Suasana atau situasi yang biasanya membayang di balik peristiwa menjadi mentah kembali dan yang terbaca kemudian melulu kisah perihal tubuh si Mei sebagai daging, tulang dan darah manusia, bukan berbagai suasana tragis manusia perempuan yang terkandung dalam penanda tersebut. Dengan kata lain, sajak tersebut adalah cerita perihal tubuh dengan format yang berlawanan dengan tubuh sebagai penanda pada sajak “Tukang Cukur”.

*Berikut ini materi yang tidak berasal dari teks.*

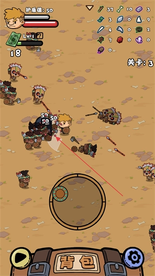 在第三关的场景里,控制角色对敌方单位发起攻击,以此来减少它们的血量。

Selain itu, pada sajak “Mei” saya tidak mendapati permainan “ulang-alik” antara penanda utama di awal sajak dengan kalimat segel di akhir sajak yang terjalin dengan kuat sehingga rantai metaforik dalam unit-unit cerita yang biasanya terjalin dengan baik dari bait demi bait pun menjadi terputus.
Halnya berbeda dengan sajak berikut yang juga menggunakan tubuh sebagai petanda utama di mana tautan rantai cerita, kalimat awal dan kalimat segel di akhir sajak terkait dengan bagus.
KAIN KAFAN
Kugelar tubuhku di atas ranjang
seperti kugelar kain kafan yang telah dibersihkan.
Siapa yang tidur di atas kain putih ini semalam?
Kutemukan bercak-bercak darah: gambar wajah
yang kesakitan dan luka lambung yang belum disembuhkan.
Kulipat tubuhku di atas ranjang, seperti kulipat kain kafan
yang kujadikan selimut tadi malam.
(2000)
Dalam permainan idiom kain kafan, tubuhku, tubuh selain tubuhku – mungkin tubuh Yesus -, ranjang, maut, gambar wajah, dan malam, berlangsung proses-ulang alik antara aspek material sebagai penanda tekstualnya dengan makna referensialnya yang berjalin berkelindan sedemikian rupa sehingga batas-batas di antara keduanya tampak saling tembus.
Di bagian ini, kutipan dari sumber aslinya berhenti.